In the private sector, there are two audit-types; internal and external auditors, used by quoted or private companies to evaluate their accounts. The internal are employees of a company, but the external are outsourced auditors brought in to audit the accounts of companies.
Of the ten most valuable companies tracked – Dangote Cement, MTN Nigeria, Airtel Nigeria, BUA Cement, Nestle, GTBank, Zenith Bank, Nigerian Breweries, Stanbic IBTC Bank and Lafarge Cement – on the Nigerian Stock Exchange, none hired a Nigerian-owned audit firm.
This is a culture among companies listed on the NSE’s Premium and Main board, which shows locally-owned audit firms are playing second fiddle to foreign-owned firms in Nigeria’s audit market.
Findings by Ripples Nigeria showed that these companies, all of which have a market value between N400 billion to N4.02 trillion, account for the largest share of revenue grossed by the Nigerian audit industry.
In the financial statements of the companies tracked by Ripples Nigeria, only six revealed the fees it paid to auditors, while Lafarge Africa, Nestle, Airtel and Nigerian Breweries didn’t report their auditors’ remuneration in the nine months under review.
Dangote Cement paid N487 million to KPMG in nine months for its audit service, MTN credited Ernst & Young with N236.03 million, PwC received N646.59 million and N573 million from GTBank and Zenith Bank respectively.
Stanbic IBTC paid N284 million as Auditors fee, but didn’t name the Auditor, however, its profile on NSE showed KPMG. BUA Cement paid over N200 million as Auditor’s fee.
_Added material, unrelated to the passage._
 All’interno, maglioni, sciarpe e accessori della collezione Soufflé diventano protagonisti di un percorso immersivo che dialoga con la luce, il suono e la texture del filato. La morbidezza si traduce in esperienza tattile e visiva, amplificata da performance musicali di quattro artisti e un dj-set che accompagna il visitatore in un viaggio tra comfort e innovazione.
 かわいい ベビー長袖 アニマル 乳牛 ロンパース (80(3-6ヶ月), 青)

The company didn’t name its auditor, but its NSE profile showed PwC. Meanwhile, Lafarge Africa hired the services of KPMG, Nestle’s account was audited by Ernst & Young, Nigerian Brewery NSE profile displayed Deloitte, while Airtel’s auditor was not revealed.
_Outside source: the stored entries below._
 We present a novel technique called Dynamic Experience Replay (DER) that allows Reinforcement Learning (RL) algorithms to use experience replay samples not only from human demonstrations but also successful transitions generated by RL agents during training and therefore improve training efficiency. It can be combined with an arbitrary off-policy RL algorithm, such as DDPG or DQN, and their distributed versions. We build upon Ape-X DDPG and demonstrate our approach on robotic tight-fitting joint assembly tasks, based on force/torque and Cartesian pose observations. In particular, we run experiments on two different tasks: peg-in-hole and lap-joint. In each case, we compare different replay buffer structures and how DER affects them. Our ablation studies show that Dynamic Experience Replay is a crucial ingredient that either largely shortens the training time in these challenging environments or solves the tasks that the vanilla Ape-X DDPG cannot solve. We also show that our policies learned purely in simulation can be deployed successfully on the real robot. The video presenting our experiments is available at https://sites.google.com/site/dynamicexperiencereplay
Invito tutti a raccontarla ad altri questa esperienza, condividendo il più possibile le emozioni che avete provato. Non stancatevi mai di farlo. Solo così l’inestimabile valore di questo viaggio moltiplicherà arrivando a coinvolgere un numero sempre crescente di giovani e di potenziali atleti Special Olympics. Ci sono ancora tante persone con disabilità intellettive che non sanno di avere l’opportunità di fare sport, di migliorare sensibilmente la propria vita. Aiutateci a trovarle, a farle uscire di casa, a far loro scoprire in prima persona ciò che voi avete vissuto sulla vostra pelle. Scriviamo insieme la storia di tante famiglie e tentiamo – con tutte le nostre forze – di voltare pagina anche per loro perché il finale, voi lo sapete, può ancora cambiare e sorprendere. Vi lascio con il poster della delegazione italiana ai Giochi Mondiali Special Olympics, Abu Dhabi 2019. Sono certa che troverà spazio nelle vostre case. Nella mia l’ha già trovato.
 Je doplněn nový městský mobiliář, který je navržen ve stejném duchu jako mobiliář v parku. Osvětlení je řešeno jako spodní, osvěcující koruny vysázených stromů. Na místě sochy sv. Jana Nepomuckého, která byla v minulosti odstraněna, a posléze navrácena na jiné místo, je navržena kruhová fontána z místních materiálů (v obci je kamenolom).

According to a Nigerian auditor, Akin Bello, he told Ripples Nigeria that local firms will continue to play second fiddle to international firms as they are not equipped to compete against PwC, Deloitte, Ernst & Young, and KPMG.
Bello said large corporations are taking their accounts to international firms because locally-owned audit firms are not adequately staffed, as most are sole-proprietorship unlike the foreign firms operating in Nigeria.
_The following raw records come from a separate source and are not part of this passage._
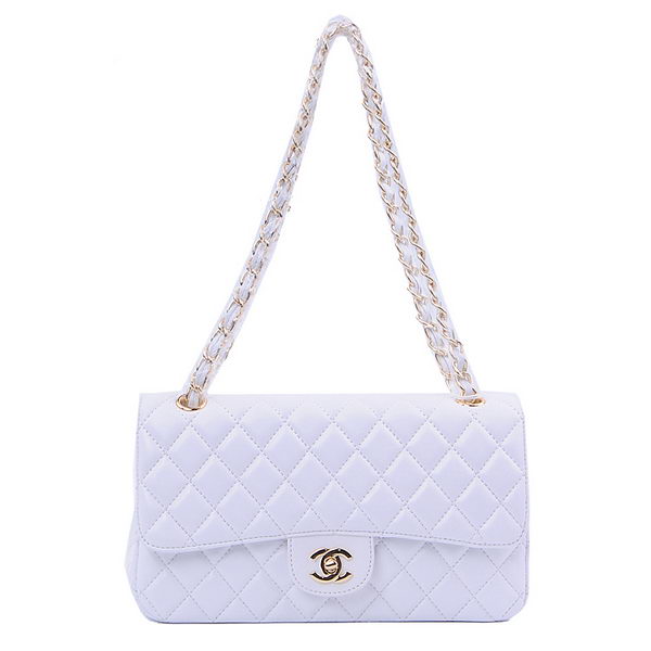 - Chanel 2.55 Series Classic Flap Bag 1112 White Sheepskin Gold
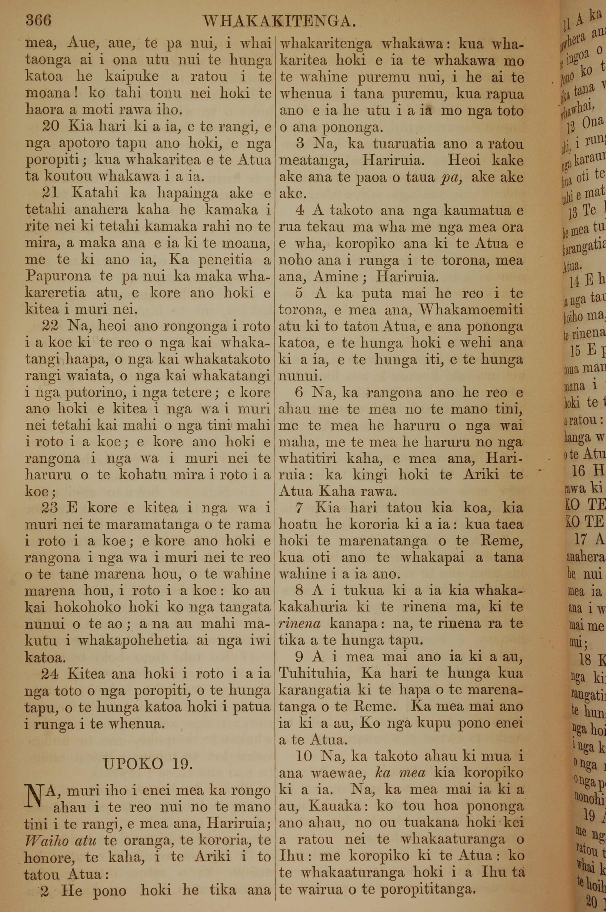 1852年KO TE KAWENATA HOU O TO TATOU ARIKI O TE KAI WHAKAORA O IHU KARAITI 啟示錄 18 章 20 節到 19 章 10 節
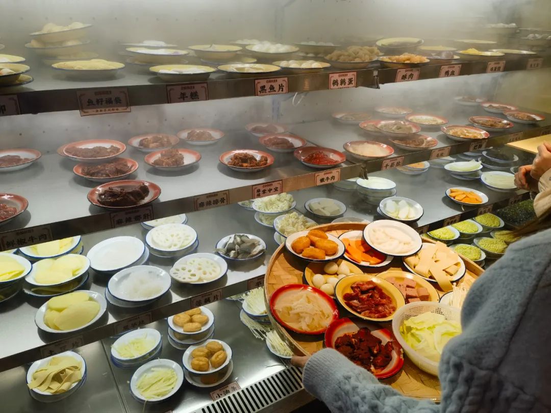 一行三人主要挑了些小盘的菜式,荤素结合,荤菜如牛肉、鹌鹑蛋、毛肚,素菜如笋、海带、土豆片、白菜等等。结账的时候曹晏也傻眼了,“3个人加起来150元,相当于一个人吃了50元”。
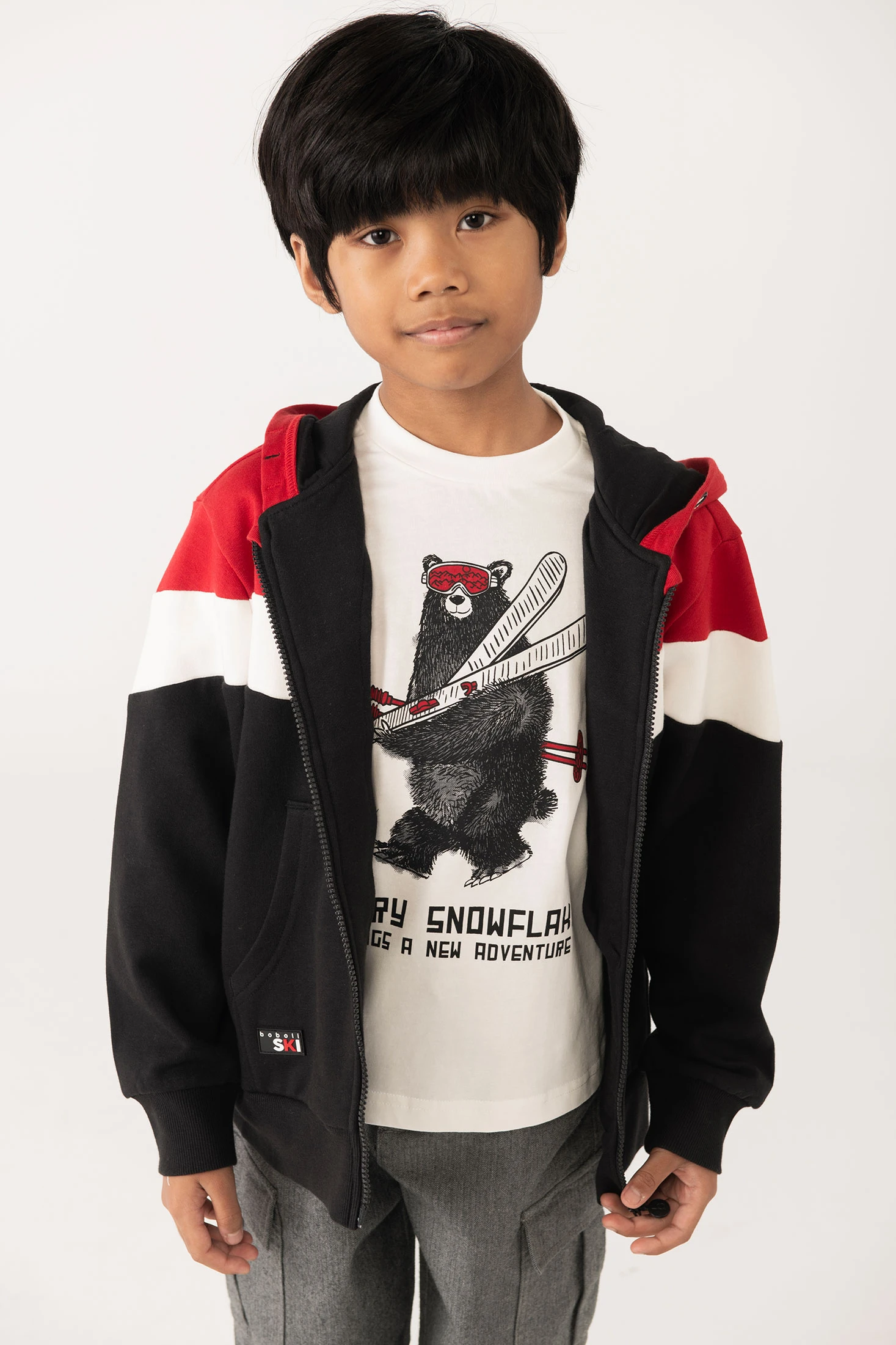 Boy´s jacket in black, red, and white fleece.
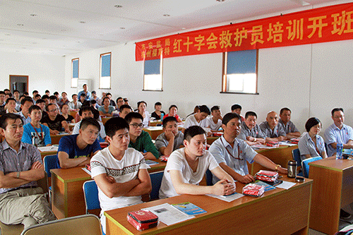 The main content of the train is cardiopulmonary resuscitation (CPR), trauma care, accident and emergency first aid, use the combination of theory and actual operation. The teacher from Red Cross especially and systematicly emphasize the importance of first-aid, cardiopulmonary resuscitation, the four skills of trauma care(stop bleeding, bandage, fixation, handling) etc. During the training process, every one practices the whole progress of cardiopulmonary resuscitation and used the skills of trauma care.
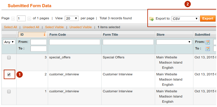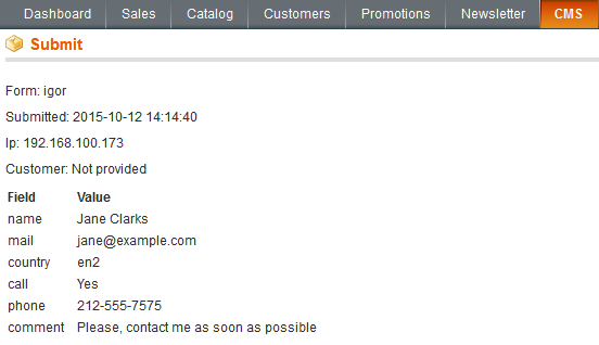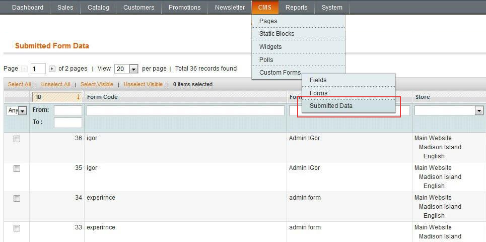 To view saved data of custom forms go to Admin Panel → CMS → Custom Forms → Submitted Data
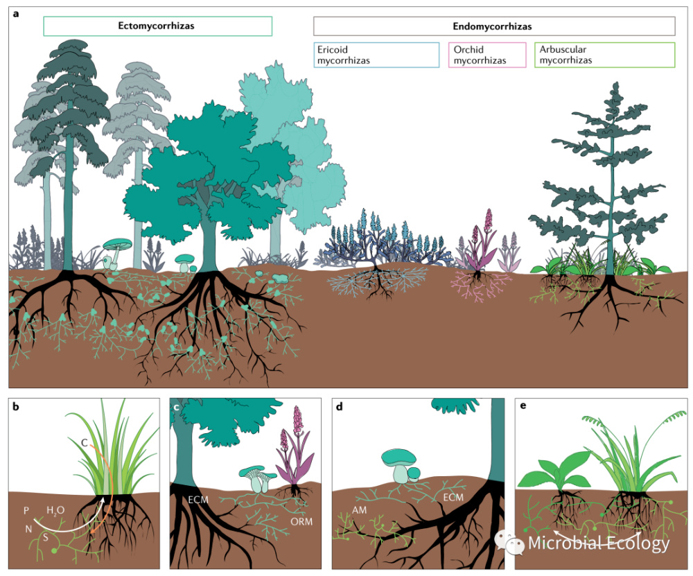 科学家们根据形态特征将菌根分为七大类(外生菌根、丛枝菌根、内外生菌根、兰科菌根、浆果鹃类菌根、水晶兰类菌根及欧石楠类菌根),其中外生菌根(占总数2%)、丛枝菌根(72%)、兰科菌根(10%)和欧石楠类菌根(1.4%)是较为常见的四种类型。虽然外生菌根在植物中占比很小,但它们主要是松科、壳斗科等森林建群树种,因此对森林生态系统影响极大。

“Nigerian audit firms are not adequately staffed. They are mostly sole-proprietorship consultancy service that has only the Managing Partner and other low level staff. So they won’t be able to meet the expertise that is expected by international companies… so it will have effect on the quality of report and audit they will turn out.” Bello said such is the bane of local audit firms.
According to him, for local firms to be effective and able to compete against foreign-owned audit firms, they must merge to have a strong workforce and expertise that can withstand PwC, Deloitte, Ernst & Young, and KPMG.